> EXERCISE DATA:
════════
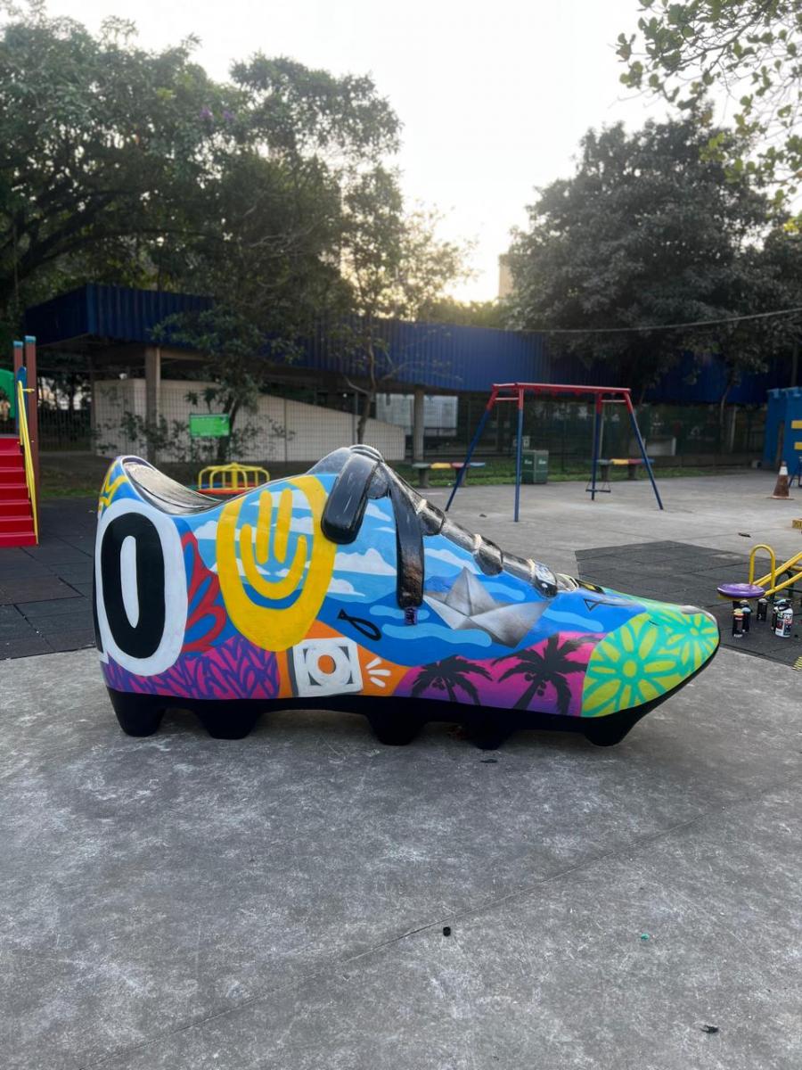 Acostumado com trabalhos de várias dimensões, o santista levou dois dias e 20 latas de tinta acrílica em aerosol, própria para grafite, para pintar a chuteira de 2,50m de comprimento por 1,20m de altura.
════════
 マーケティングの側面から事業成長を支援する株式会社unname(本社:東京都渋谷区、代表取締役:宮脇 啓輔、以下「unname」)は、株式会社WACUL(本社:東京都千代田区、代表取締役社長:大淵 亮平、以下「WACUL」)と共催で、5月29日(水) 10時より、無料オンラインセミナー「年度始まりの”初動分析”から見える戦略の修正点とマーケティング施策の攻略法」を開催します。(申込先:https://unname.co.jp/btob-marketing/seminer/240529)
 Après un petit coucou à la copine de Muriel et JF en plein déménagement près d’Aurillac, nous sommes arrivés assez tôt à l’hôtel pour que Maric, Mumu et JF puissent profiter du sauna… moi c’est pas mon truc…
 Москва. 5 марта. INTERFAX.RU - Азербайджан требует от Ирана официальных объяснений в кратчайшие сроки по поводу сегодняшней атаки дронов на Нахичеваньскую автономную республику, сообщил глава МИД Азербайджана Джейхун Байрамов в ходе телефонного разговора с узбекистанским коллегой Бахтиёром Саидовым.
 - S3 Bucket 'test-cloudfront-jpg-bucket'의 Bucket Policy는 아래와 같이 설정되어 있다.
════════
> WORK REQUIRED: Begin with the line above that has "Après un petit" and continue through the line that has "- S3 Bucket", setting each one down exactly. Stop there.

> ANSWER SPACE:
 Après un petit coucou à la copine de Muriel et JF en plein déménagement près d’Aurillac, nous sommes arrivés assez tôt à l’hôtel pour que Maric, Mumu et JF puissent profiter du sauna… moi c’est pas mon truc…
 Москва. 5 марта. INTERFAX.RU - Азербайджан требует от Ирана официальных объяснений в кратчайшие сроки по поводу сегодняшней атаки дронов на Нахичеваньскую автономную республику, сообщил глава МИД Азербайджана Джейхун Байрамов в ходе телефонного разговора с узбекистанским коллегой Бахтиёром Саидовым.
 - S3 Bucket 'test-cloudfront-jpg-bucket'의 Bucket Policy는 아래와 같이 설정되어 있다.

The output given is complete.